EXERCISE INSTRUCTIONS |
A line below contains "(5) Plug power", and a later one contains "Lubrication Paper Tag Q1-70E". Repeat both, with every line between them, exactly.

DATA TO USE |
* * * * * * * * *

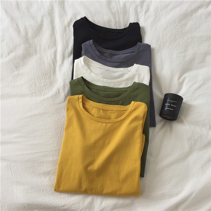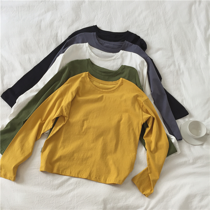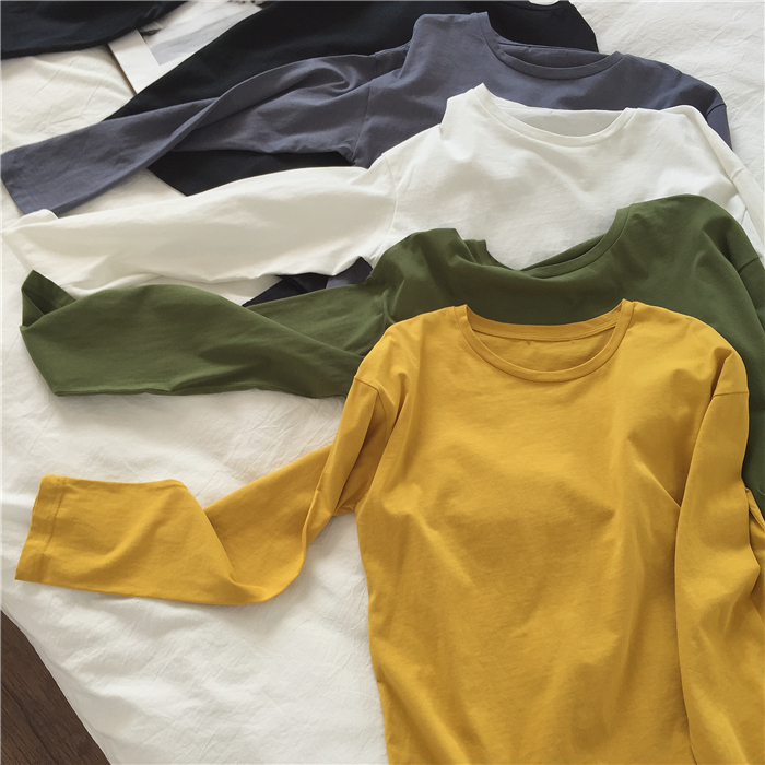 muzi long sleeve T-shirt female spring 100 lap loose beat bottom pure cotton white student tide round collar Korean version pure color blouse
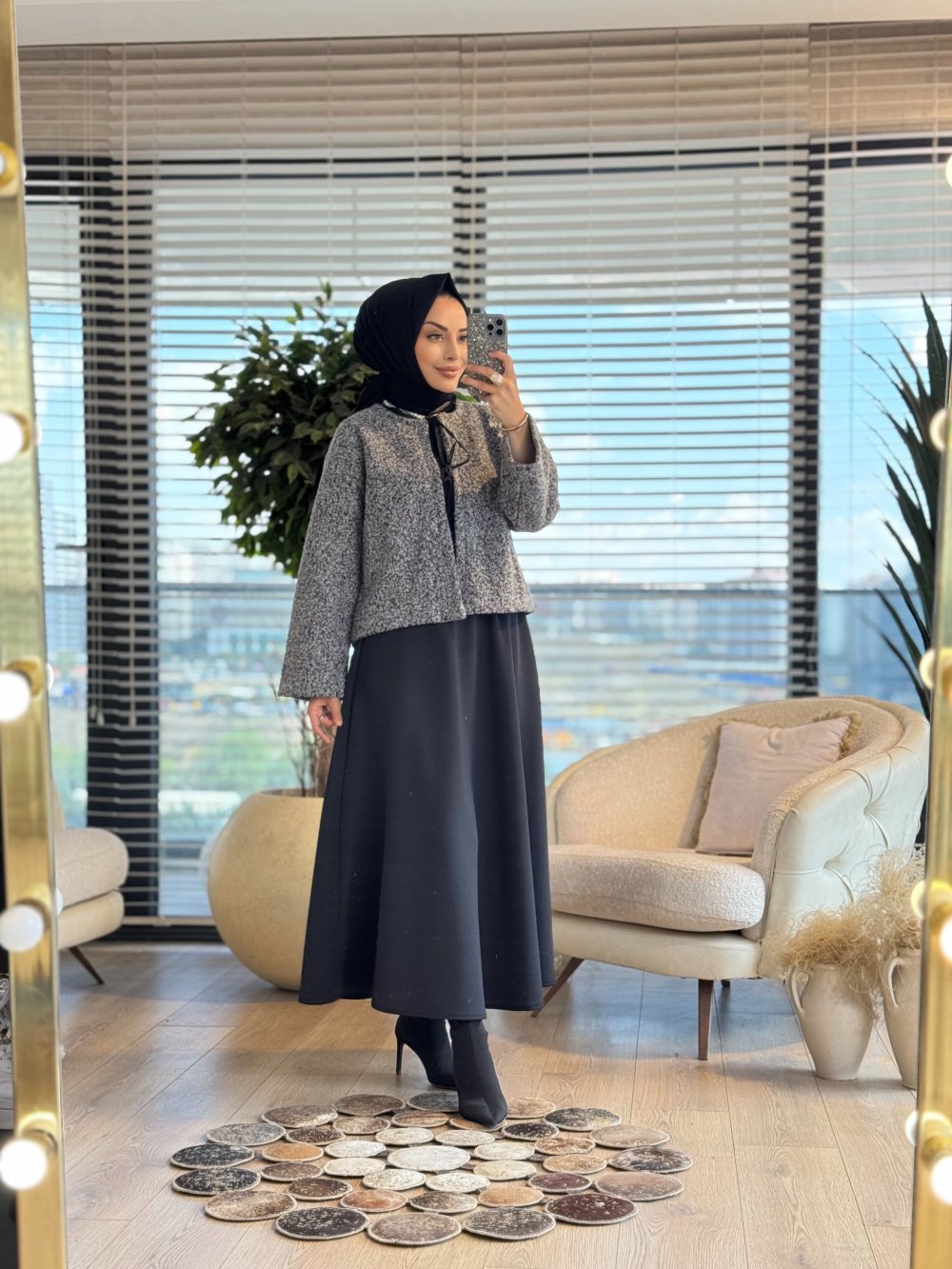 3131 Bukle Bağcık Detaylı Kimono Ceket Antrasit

* * * * * * * * *

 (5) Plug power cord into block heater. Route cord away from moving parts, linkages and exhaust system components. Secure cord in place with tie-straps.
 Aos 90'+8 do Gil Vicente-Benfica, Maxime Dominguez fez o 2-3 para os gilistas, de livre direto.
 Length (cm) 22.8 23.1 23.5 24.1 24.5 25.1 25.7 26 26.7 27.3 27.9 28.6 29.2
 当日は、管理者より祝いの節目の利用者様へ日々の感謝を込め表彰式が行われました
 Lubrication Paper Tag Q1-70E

* * * * * * * * *

OUTPUT OF THE TASK |
 (5) Plug power cord into block heater. Route cord away from moving parts, linkages and exhaust system components. Secure cord in place with tie-straps.
 Aos 90'+8 do Gil Vicente-Benfica, Maxime Dominguez fez o 2-3 para os gilistas, de livre direto.
 Length (cm) 22.8 23.1 23.5 24.1 24.5 25.1 25.7 26 26.7 27.3 27.9 28.6 29.2
 当日は、管理者より祝いの節目の利用者様へ日々の感謝を込め表彰式が行われました
 Lubrication Paper Tag Q1-70E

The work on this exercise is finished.